COM & CORBA


Adapting Automation Arrays to the Standard vector Interface

Andrei Alexandrescu

STL can be extended in remarkable ways. Sometimes you can even lie about what's inside a container, and to good advantage.


Introduction

One of the great benefits of distributed object systems like COM and CORBA derives from their use of standard binary protocols and formats. It is these binary standards that enable us to use multiple languages in large applications. We can use the most suitable language for each part of the system. A project I was recently involved in, for instance, sported a three-tiered architecture using VB (Visual Basic) for the GUI, MS SQL Server for database access, and C++ for number crunching, all using the COM standard for communication (a quite common scenario).

Efficient data transfer is often very important in such applications. In our case, we needed to pass large two-dimensional matrices between various parts of the system. We chose Microsoft's Automation array format (known as SAFEARRAY) because it is a standard data type that's automatically marshaled between COM objects (in addition to being easy to manipulate from within VB). This article describes a complete, type-safe C++ wrapper for the Automation array API. This wrapper implements the std::vector interface as described in the Standard C++ Library, yet fully preserves the binary format of the Automation structure.

By preserving Automation's binary format, the implementation avoids costly format conversions while hiding the intricate SAFEARRAY API under elegant std::vector semantics. This wrapper helped us boost our productivity significantly.

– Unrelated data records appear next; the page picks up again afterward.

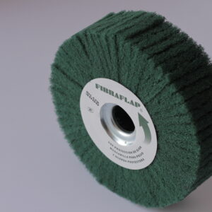 Rueda fibraflap verde para rebabeo y pulido de acero y otros metales. Especializada para el satinado en la industria farmacéutica.
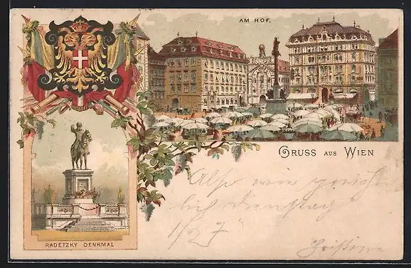 Lithographie Wien, Am Hof, Radetzky Denkmal
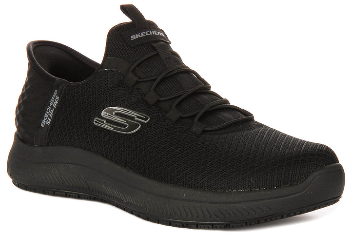 En la suela, las Summits Sr - En cuentan con una suela acolchada antideslizante, que proporciona tracción y soporte confiables en diversas superficies. Esto las hace ideales no solo para el uso casual diario, sino también para entornos más activos, como caminatas, ejercicios ligeros o lugares de trabajo donde la comodidad y la seguridad son fundamentales. La plantilla de espuma viscoelástica mejora aún más la comodidad al adaptarse a la forma de tu pie, reduciendo la fatiga y proporcionando amortiguación personalizada en cada paso.
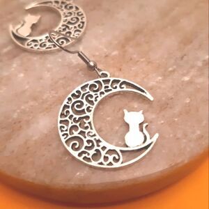 Silver Crescent Moon Kitty Cat Stainless Steel Hook Earrings
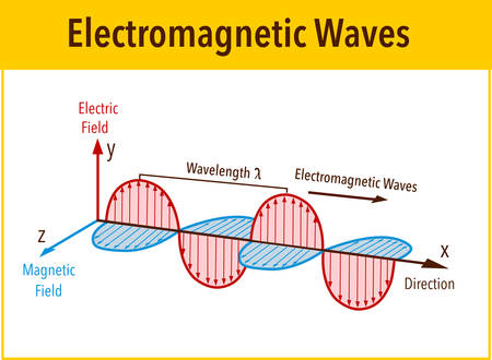 Electromagnetic Wave structure and parameters, vector illustration diagram with wavelength, amplitude, frequency, speed and wave types
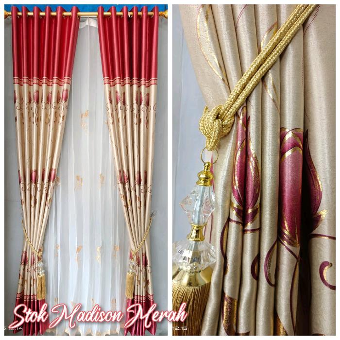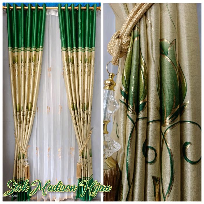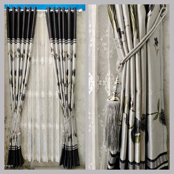 [1 Lembar]Gorden Horden Medison Bludru Motif Bunga Tulip(Jendela Dan Pintu) - Abu S1Lverr
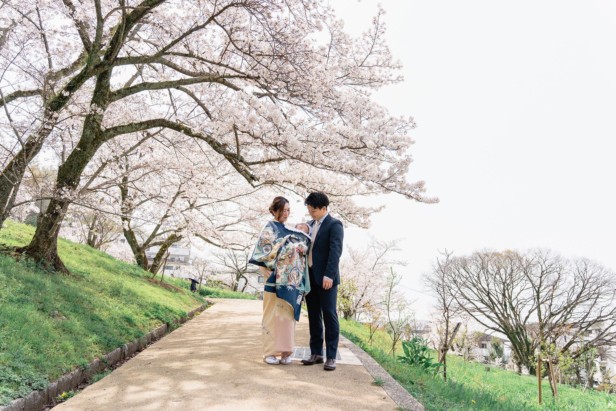 【枚岡神社でのお宮参りの撮影】春は桜と写真が撮れるとてもいいロケーションの神社です!
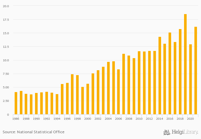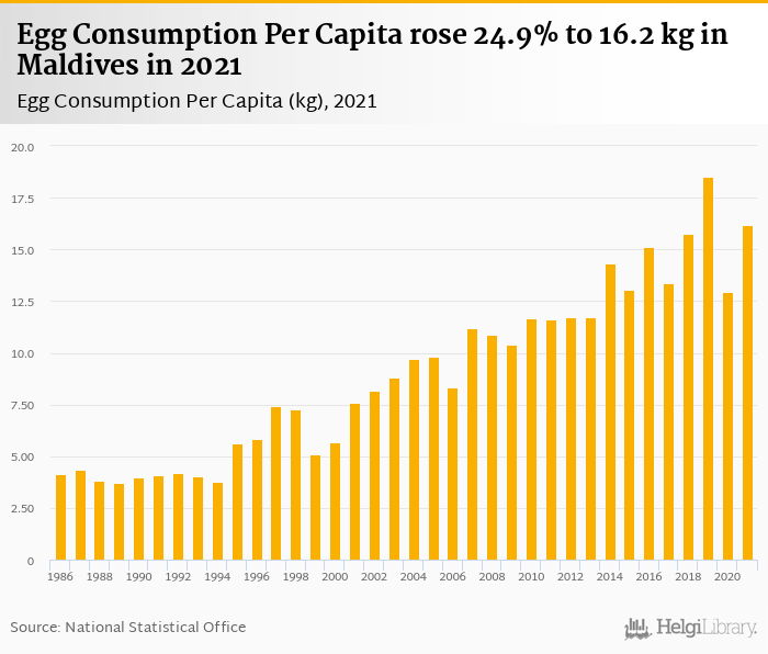 Egg consumption per capita rose 24.9% to 16.2 kg in Maldives in 2021, according to Faostat.
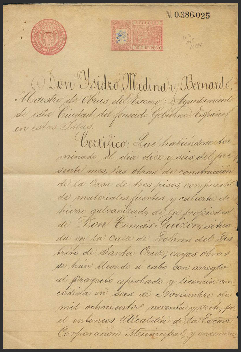 1899. 25 cents carmine pink SEALED PAPER, on MANILA Construction Recognition document, INTERNAL REVENUE qualification, in blue. MAGNIFICENT AND RARE.
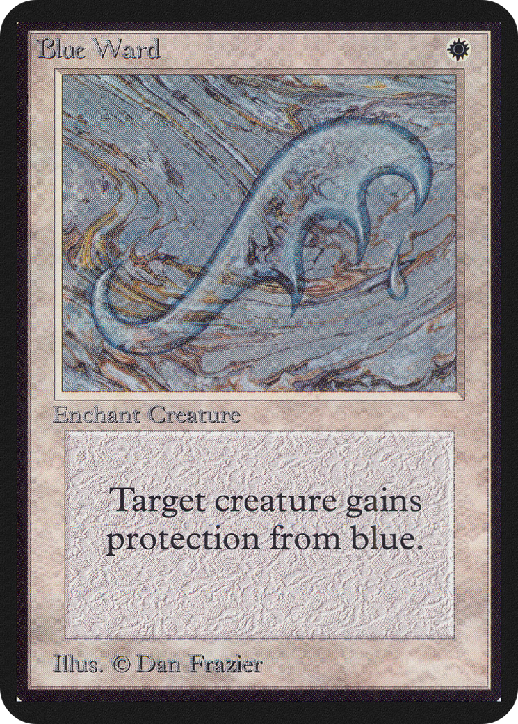 Enchanted creature has protection from blue. This effect doesn't remove Blue Ward.
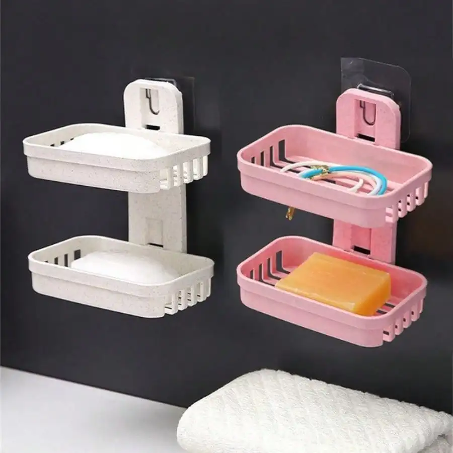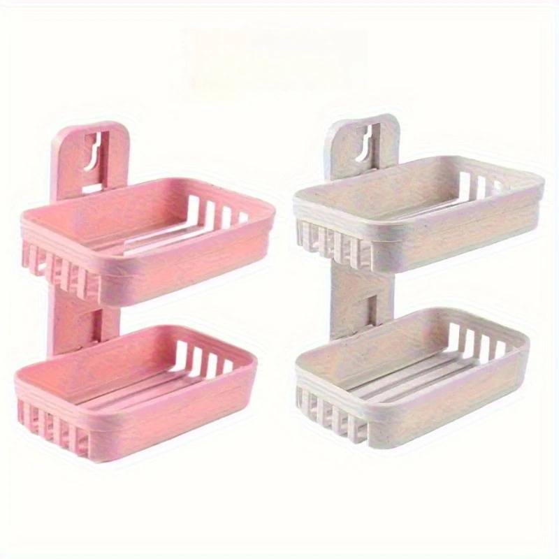 This beige+pink double-layer soap holder, combined with wall mounted bathroom storage and drainage, is a great solution to your problem, ensuring that your bathroom remains clean, organized, and aesthetically pleasing. In addition to storing soap and personal care products, this shelf can also accommodate other essential items such as toothbrushes, toothpaste, facial cleansers, etc. to meet your various storage needs.
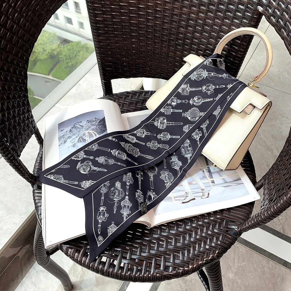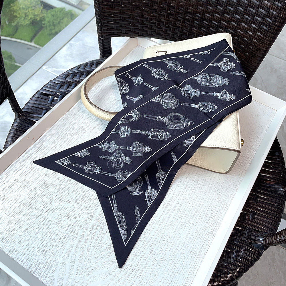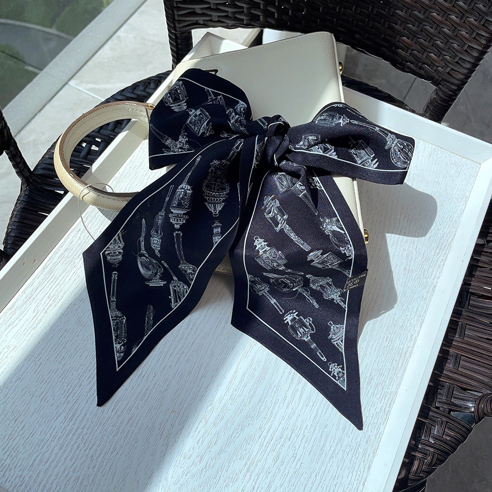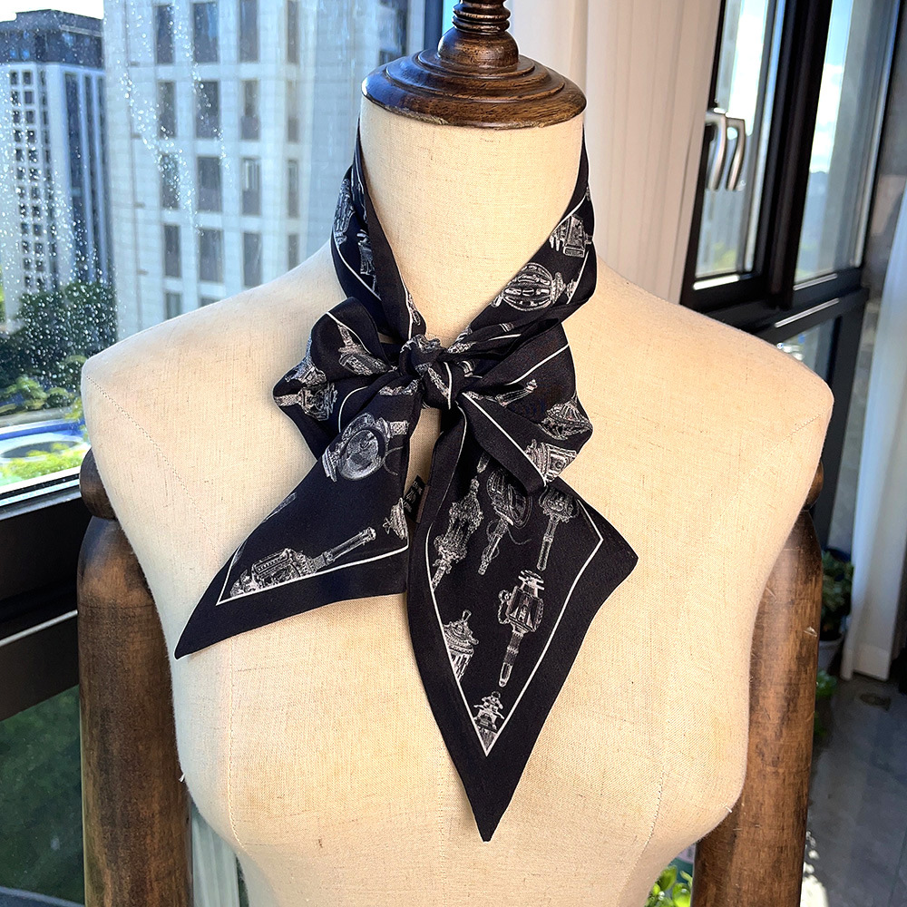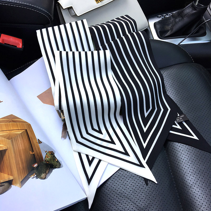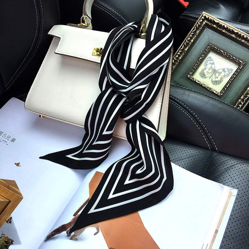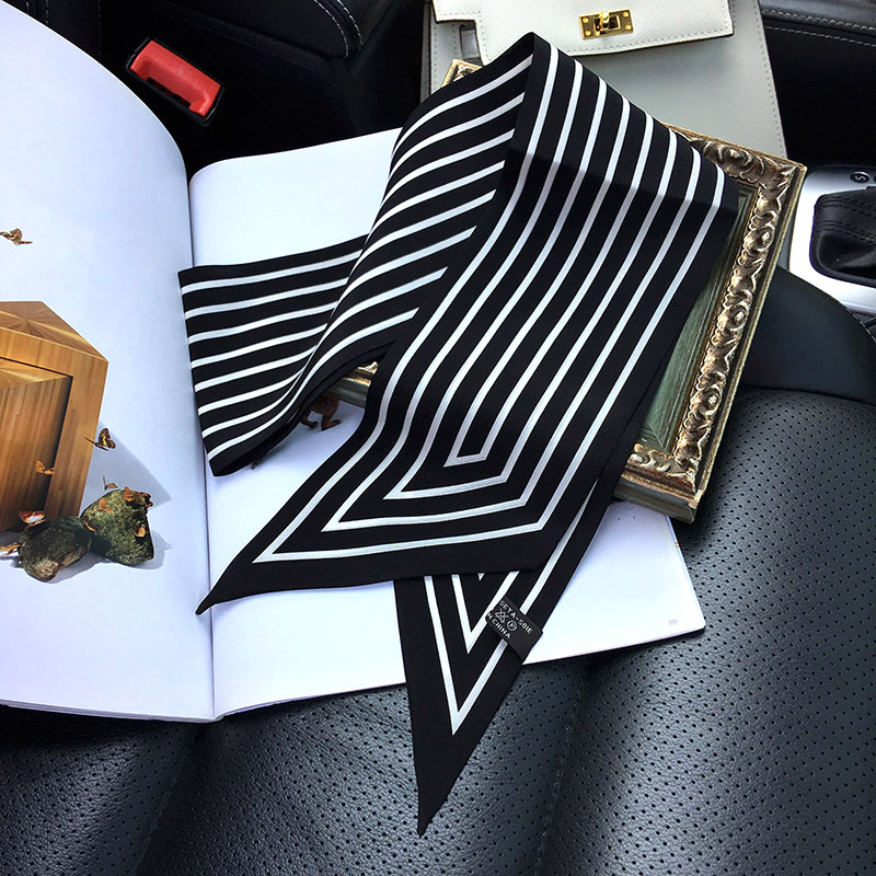 실크 크레페 드 친 긴 리본 헵번 도트 No.5 뽕나무 실크 스카프 목 액세서리 V-넥 의류 스카프 여성스토어 가기
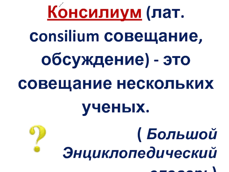 Слайд 8Консилиум (лат. сonsilium совещание, обсуждение) - это совещание нескольких ученых.
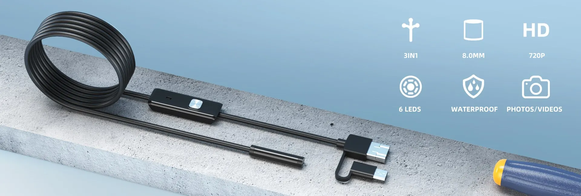 Этот эндоскоп Android-это 1 новый тип электронных продуктов. Преимущества этого продукта: небольшие размеры, легкий вес, диаметр корпуса передней камеры 5,5 мм, а в средней части установлен блок управления (Отрегулируйте свет и делайте снимки. Примечание. Кнопка камеры поддерживается только при использовании компьютера. Телефон может делать снимки с помощью программного обеспечения), вы можете регулировать яркость шести светодиодных фонарей, захватывать изображение и делать снимки непосредственно в телефоне Android, вы можете записывать, запишите весь процесс осмотра, и облегчите последующие замечание и анализ.
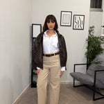 Jeans gamba dritta con cintura inclusa. Tessuto elasticizzato, Marta indossa tg S/M
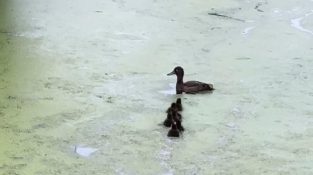 Kun hän yrittää saada kalaa, ankka näyttää siltä, että se pelaa piilopaikkaa seitsemällä ankanpoikallaan, kadonnut veden alla ilmestyä hieman kauemmas järven pinnalla luonnossa [...]

We could typically implement a business rule with only half the lines of code we would have needed using the raw SAFEARRAY API. Moreover, the code became much easier to follow, and all without a loss in efficiency — in fact, a slight gain was observed.

About VARIANTs and SAFEARRAYs

SAFEARRAYs are based on an important COM data structure known as a VARIANT. The VARIANT structure and its associated API implement the semantics of a dynamically-typed object. In a dynamically typed object like VARIANT, type is not an intrinsic attribute (as it is in C++). Rather, type has an explicit representation, and can thus be changed at run time. The following snippet of Visual Basic demonstrates such a type change to a dynamically typed object:

Dim MyVar as Variant
MyVar = 3
MyVar = "Hello" ' change the type
                ' and the value
                ' of MyVar

A VARIANT is able to hold an object of a given type at a given time. (There is a finite set of types). It is implemented as a structure known as a "tagged union," which is a union of all the types that can be held and an integer (the tag) that indicates which field of the union is valid.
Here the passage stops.